Guide to the Application of Genotyping to Tuberculosis Prevention and Control
Applying Genotyping Results to Tuberculosis Control Practices
The goal of a cluster investigation is to uncover previously unrecognized epidemiologic links between persons in a genotyping cluster and to take appropriate action steps.
Cluster investigations involve taking multiple steps and collecting information from multiple sources. Detailed cluster investigation protocols and data collection forms have been developed by several state TB programs and are available for review and downloading at the CDC WebBoard at http://web-tb.forum.cdc.gov under TB Genotyping. Table 6.2 lists some of the important steps to consider when conducting a cluster investigation. For each step, it will be important to assign responsibility to either the state or the local TB program.
After the decision to launch a cluster investigation is communicated to the local programs that managed the patients in the cluster, the next key step is to analyze existing information about the patients in the cluster in order to determine what is already known about how the patients might be related. In most cases, the local program should take the lead on reviewing existing information about all persons in a cluster. This information can come from a review of existing information already collected about the persons (e.g., the initial case interviews and contact investigations) and from talking with the case managers, epidemiologists, or outreach workers who know the patients.
The state and local programs should work together to analyze the results of the existing information to determine if interviews with the patients themselves are needed. If this initial data abstraction and interview process identifies a) epidemiologic links between all cases in the cluster, b) the direction of transmission from source to secondary cases, and c) where the transmission probably occurred, persons in the cluster may not need to be interviewed. If the cluster is a high priority to investigate and it is decided that a patient interview is required, it is usually best for the local program to take the lead on conducting patient interviews.
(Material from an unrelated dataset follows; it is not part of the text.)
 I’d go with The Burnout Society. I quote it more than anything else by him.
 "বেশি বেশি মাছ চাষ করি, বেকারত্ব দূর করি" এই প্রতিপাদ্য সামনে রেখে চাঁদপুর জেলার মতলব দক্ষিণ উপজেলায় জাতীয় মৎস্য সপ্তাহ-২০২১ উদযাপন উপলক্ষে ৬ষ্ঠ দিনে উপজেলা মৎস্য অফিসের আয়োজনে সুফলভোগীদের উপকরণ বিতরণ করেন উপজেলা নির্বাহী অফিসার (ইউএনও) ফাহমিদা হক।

On the other hand, if local staffing is insufficient, the state program staff may need to help out.
Table 6.2. Suggested roles for state and local TB program staff in cluster investigations.
|Receive genotyping laboratory report. Communicate with local program(s)|
|Review existing records on clustered cases and interview case managers, epidemiologists, or outreach workers who know the clustered persons to identify potential epidemiologic links|
|Analyze data from record reviews and staff interviews to determine need to interview patients|
|Interview clustered patients to ascertain epidemiologic links|
|If local staffing is insufficient, interview selected high-priority patients|
|Review findings in collaboration and determine need for further action|
If a decision is made to interview the patients in a cluster, the existing information gathered and analyzed during the previous steps will be helpful in guiding the subsequent interviews. Interview forms are also helpful, and a template of a cluster investigation form (TB Cluster Investigation Form.doc) is available from the CDC WebBoard.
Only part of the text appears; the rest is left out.